Isabel de Valois. Fontainebleau (Francia), 2.IV.1546 – Aranjuez (Madrid), 3.X.1568. Reina de España, tercera esposa de Felipe II.
Hija mayor de Enrique II de Francia (1519-1559) y de Catalina de Médicis (1519-1598), sus respectivos abuelos fueron Francisco I de Francia y Lorenzo II, duque de Urbino. Su madre, estéril durante diez años y abocada a soportar un “triángulo conyugal” por la presencia impuesta por Enrique II en la Corte de la duquesa de Valentinois, Diana de Poitiers, demostró una fecundidad impredecible tras el alumbramiento de su primogénito Francisco el 19 de enero de 1544.
Después de él nacieron Isabel y ocho hermanos más: Claudia (12 de noviembre de 1547, esposa del duque de Lorena); Luis (3 de febrero de 1549); Carlos Maximiliano (27 de junio de 1550); futuro Carlos IX de Francia; Eduardo Alejandro, en 1551, que adoptó al reinar el nombre de Enrique III; Margarita (14 de mayo de 1553), primera esposa de Enrique de Navarra, y Hércules (18 de marzo de 1555), que más tarde cambiaría su nombre por el de Francisco. Finalmente, Catalina dio a luz dos niñas gemelas (24 de junio de 1556) llamadas Juana y Victoria, que murieron a los pocos días.
El padrino de Isabel lo eligió expresamente su abuelo Francisco I y fue Enrique VIII de Inglaterra, que actuó por poderes a través de un embajador extraordinario, un acto representativo que sancionaba el cese del estado de guerra que ambos Monarcas mantenían.

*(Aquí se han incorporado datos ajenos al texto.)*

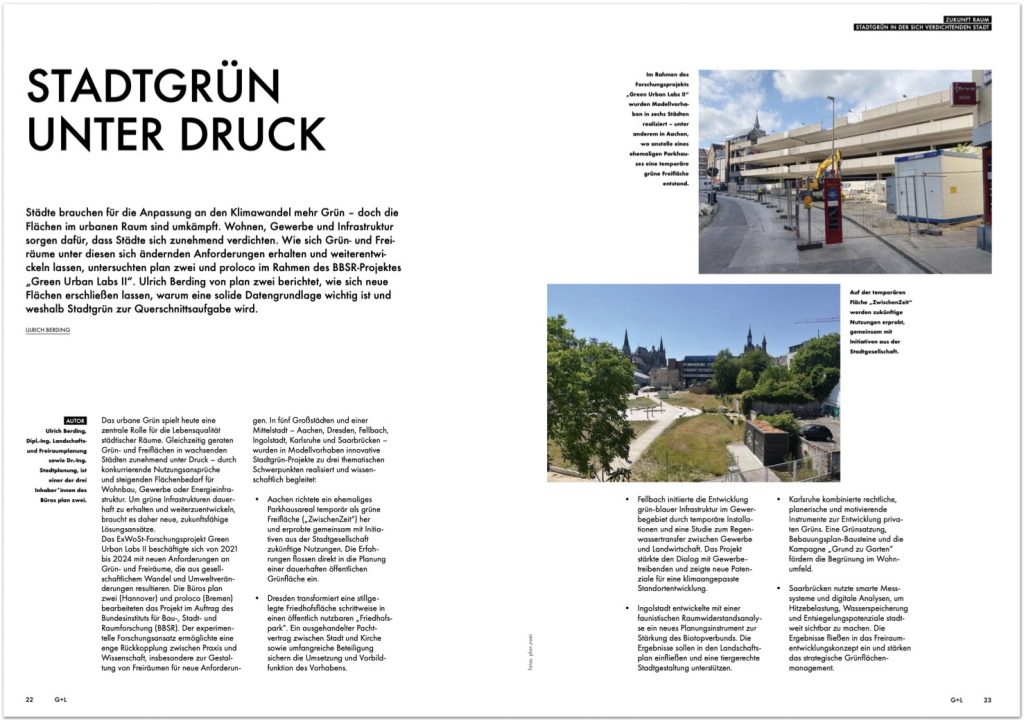 Im ExWoSt-Forschungsprojekt „Green Urban Labs II“ begleiteten wir gemeinsam mit proloco (Bremen) die sechs Modellvorhaben Aachen, Dresden, Fellbach, Ingolstadt, Karlsruhe und Saarbrücken bei der Untersuchung der Frage, wie Grün in sich verdichtenden Städten gesichert, entwickelt und besser vernetzt werden kann. In der aktuellen Ausgabe der Garten+Landschaft berichtet Ulrich Berding über Eckpunkte und Ergebnisse des Projektes.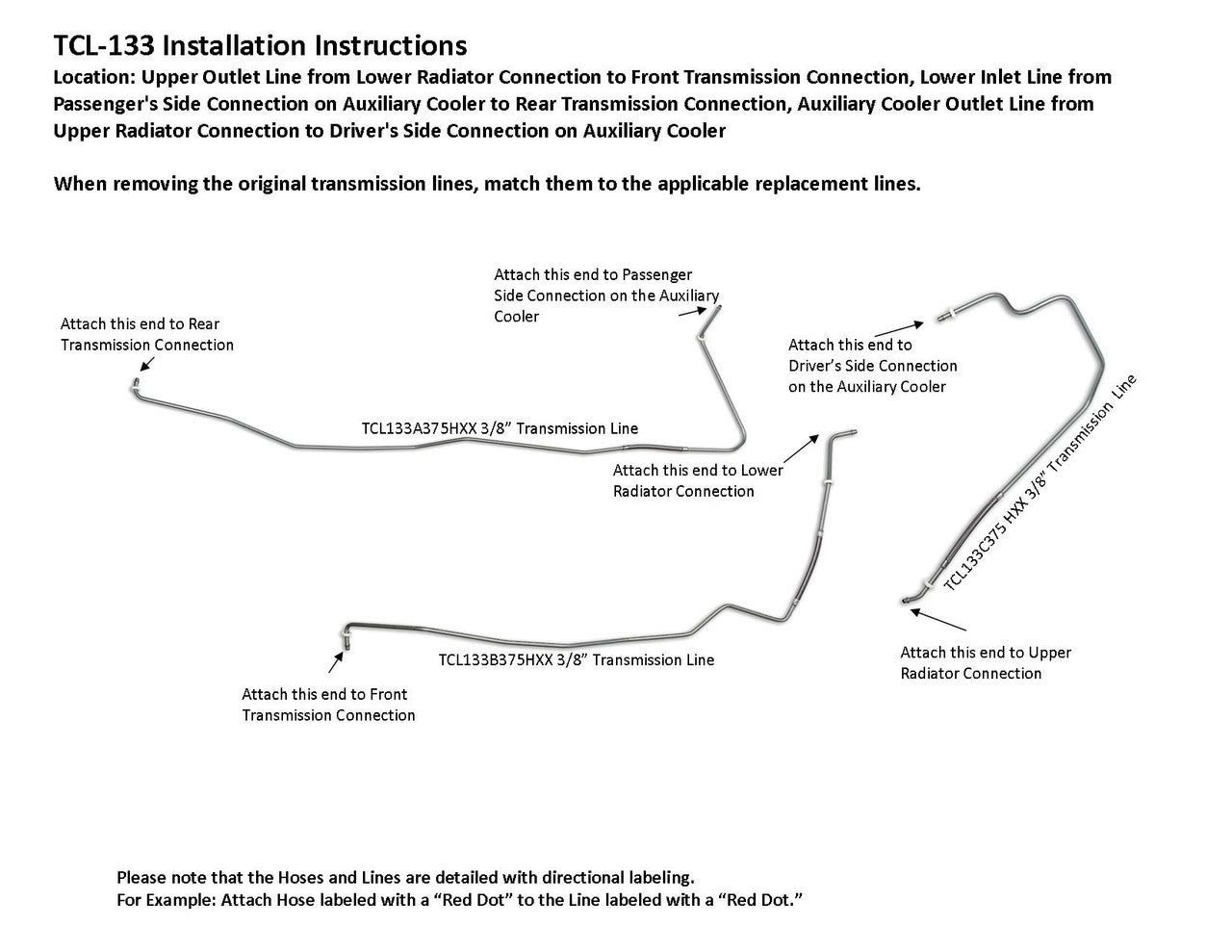 Upper Outlet Line from Lower Radiator Connection to Front Transmission Connection, Lower Inlet Line from Passenger's Side Connection on Auxiliary Cooler to Rear Transmission Connection, Auxiliary Cooler Outlet Line from Upper Radiator Connection to Driver's Side Connection on Auxiliary Cooler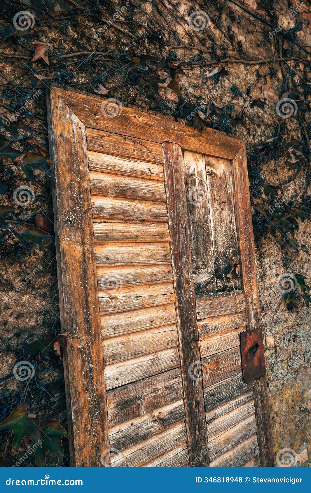 Old Discarded Wooden Door Leaning Against The Brick Wall Royalty Free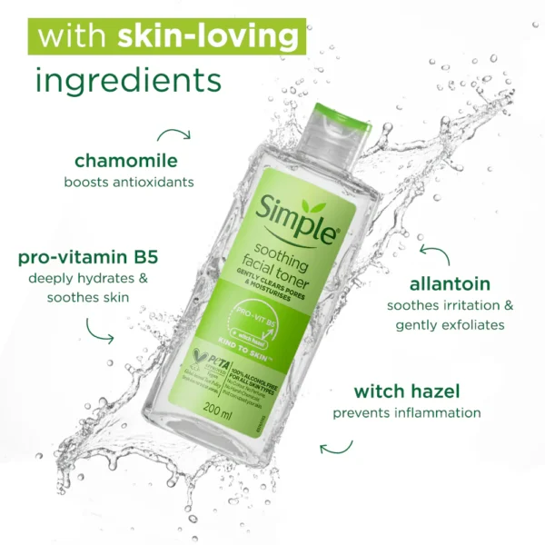 Simple Soothing Toner 200ml – Kind to Skin | Exporter in Asia and Africa is a gentle and refreshing facial toner designed to keep the skin calm, hydrated, and balanced. Suitable for all skin types, it is especially ideal for sensitive skin, helping to soothe irritation and reduce redness. The toner works to refresh the skin after cleansing while maintaining its natural moisture balance, leaving the face feeling soft and comfortable.

Recién bautizada, Isabel fue traslada por su madre a Blois junto a su hermano Francisco, para que ambos fueran educados juntos. La responsabilidad del cuidado de los infantes en los primeros años recayó en Madame d’Humières, mujer de confianza de Diana de Poitiers, la amante de Enrique II, que ostentaba el título oficial de “Aya de los Hijos de Francia”. Entre los maestros italianos que instruyeron a los infantes se encontraban Pietro Danes y el milanés Virgilio Bracesco, que más tarde viajaría con la propia Isabel a la Corte española como maestro de danza. Cuando Isabel contaba tan sólo dos años, su padre ascendió al trono (25 de julio de 1547), y en el momento que alcanzó la edad suficiente para tener presencia oficial, la favorita y no su madre la introdujo en las costumbres y protocolo de la Corte. El primer prometido de Isabel fue el rey de Inglaterra Eduardo VI, pero falleció en 1553.
Tras la victoria de Felipe II sobre el ejército francés en San Quintín (10 de agosto de 1557), ambos contendientes comenzaron a contemplar la negociación de una paz que no fuera humillante para Francia y que alejara la presión financiera que tendría que seguir soportando el monarca español si continuaba la guerra. Una paz que, como en otras ocasiones, debía cerrarse con el broche de oro de un matrimonio dinástico.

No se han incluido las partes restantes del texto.